(Beginning of Dataset content)

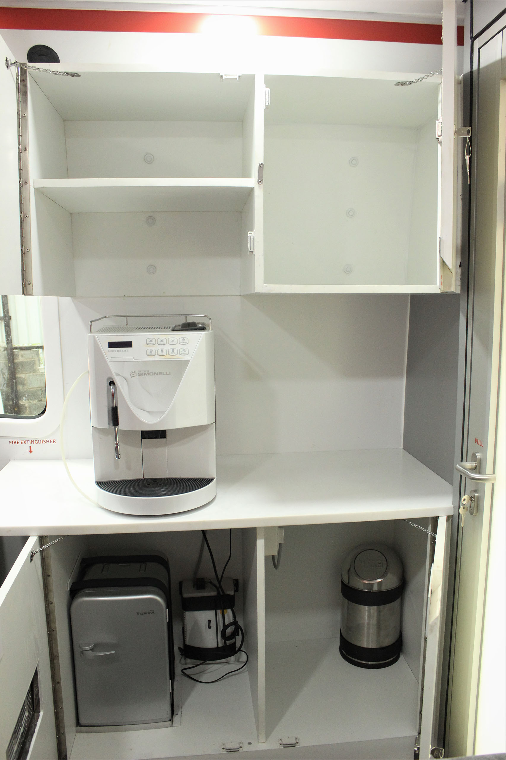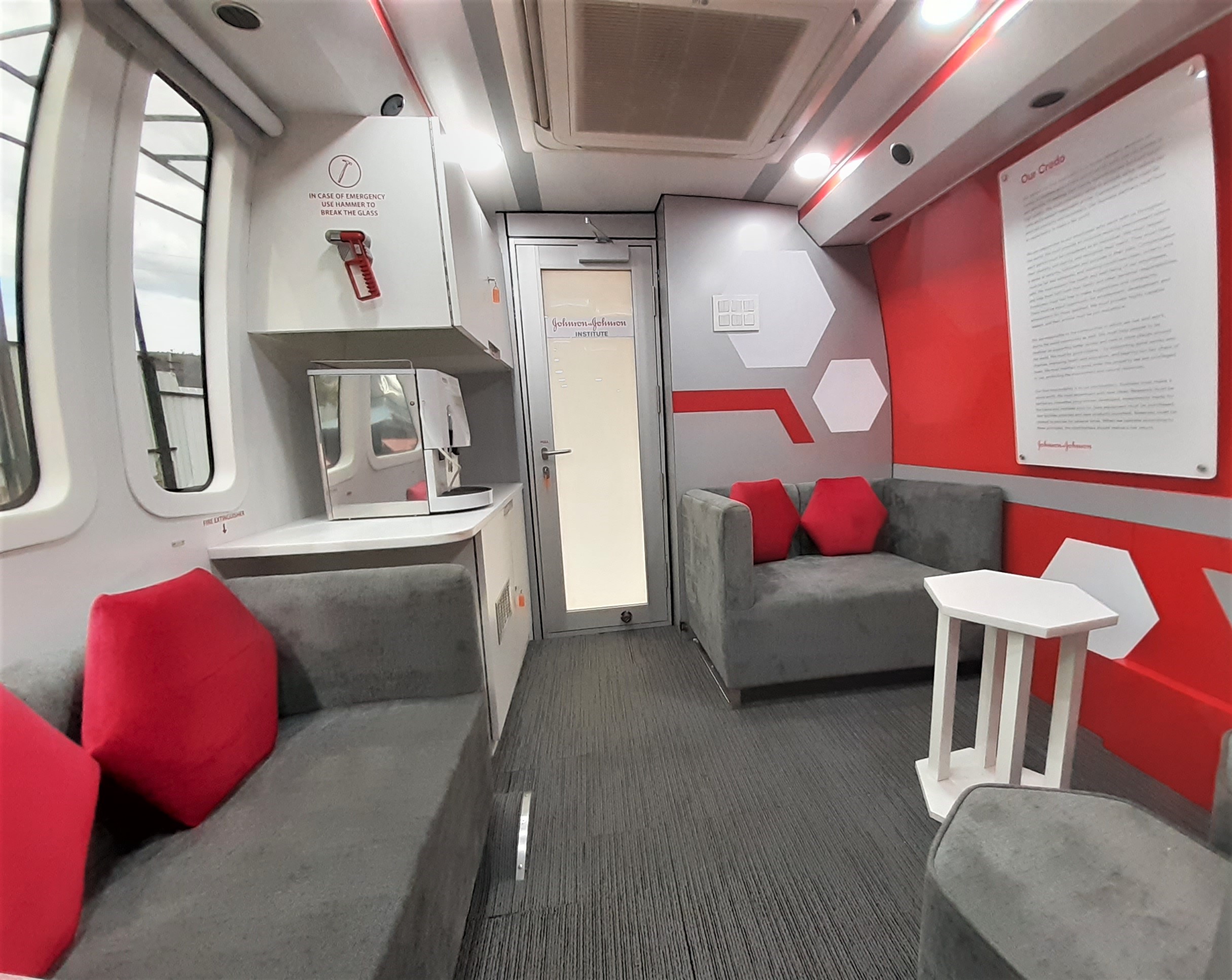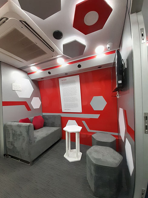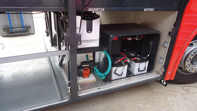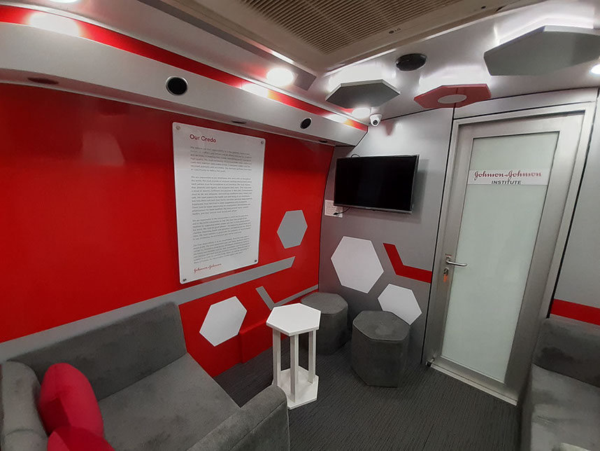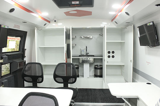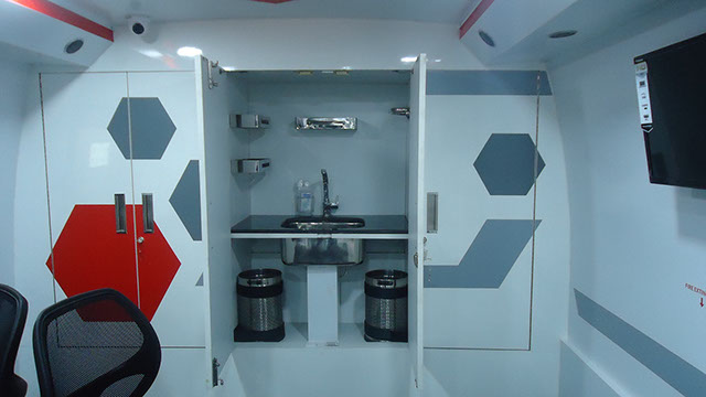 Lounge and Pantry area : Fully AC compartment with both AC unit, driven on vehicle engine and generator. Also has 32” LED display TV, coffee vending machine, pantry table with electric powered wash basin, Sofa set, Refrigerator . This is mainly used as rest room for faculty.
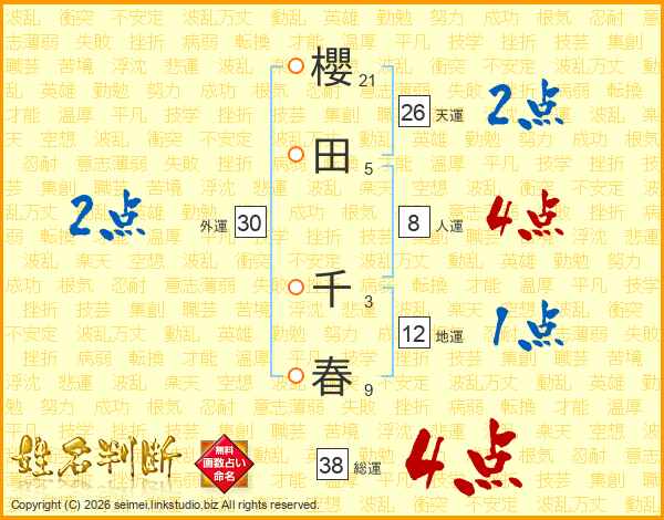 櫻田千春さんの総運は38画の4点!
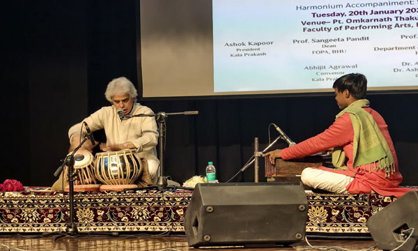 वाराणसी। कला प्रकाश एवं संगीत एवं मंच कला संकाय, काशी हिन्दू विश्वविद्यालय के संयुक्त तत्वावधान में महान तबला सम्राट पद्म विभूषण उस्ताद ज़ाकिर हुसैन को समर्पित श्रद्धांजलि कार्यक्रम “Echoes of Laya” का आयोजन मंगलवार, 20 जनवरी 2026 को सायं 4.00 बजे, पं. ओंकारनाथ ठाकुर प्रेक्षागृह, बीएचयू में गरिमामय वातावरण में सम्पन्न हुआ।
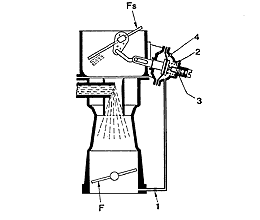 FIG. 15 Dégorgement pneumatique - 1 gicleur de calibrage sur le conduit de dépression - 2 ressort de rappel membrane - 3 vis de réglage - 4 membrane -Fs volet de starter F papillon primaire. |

(End of Dataset content)

** Task instructions **
Repeat the data above in full and exactly. Omit every image.

** Answer section **
 Lounge and Pantry area : Fully AC compartment with both AC unit, driven on vehicle engine and generator. Also has 32” LED display TV, coffee vending machine, pantry table with electric powered wash basin, Sofa set, Refrigerator . This is mainly used as rest room for faculty.
 櫻田千春さんの総運は38画の4点!
 वाराणसी। कला प्रकाश एवं संगीत एवं मंच कला संकाय, काशी हिन्दू विश्वविद्यालय के संयुक्त तत्वावधान में महान तबला सम्राट पद्म विभूषण उस्ताद ज़ाकिर हुसैन को समर्पित श्रद्धांजलि कार्यक्रम “Echoes of Laya” का आयोजन मंगलवार, 20 जनवरी 2026 को सायं 4.00 बजे, पं. ओंकारनाथ ठाकुर प्रेक्षागृह, बीएचयू में गरिमामय वातावरण में सम्पन्न हुआ।
 FIG. 15 Dégorgement pneumatique - 1 gicleur de calibrage sur le conduit de dépression - 2 ressort de rappel membrane - 3 vis de réglage - 4 membrane -Fs volet de starter F papillon primaire. |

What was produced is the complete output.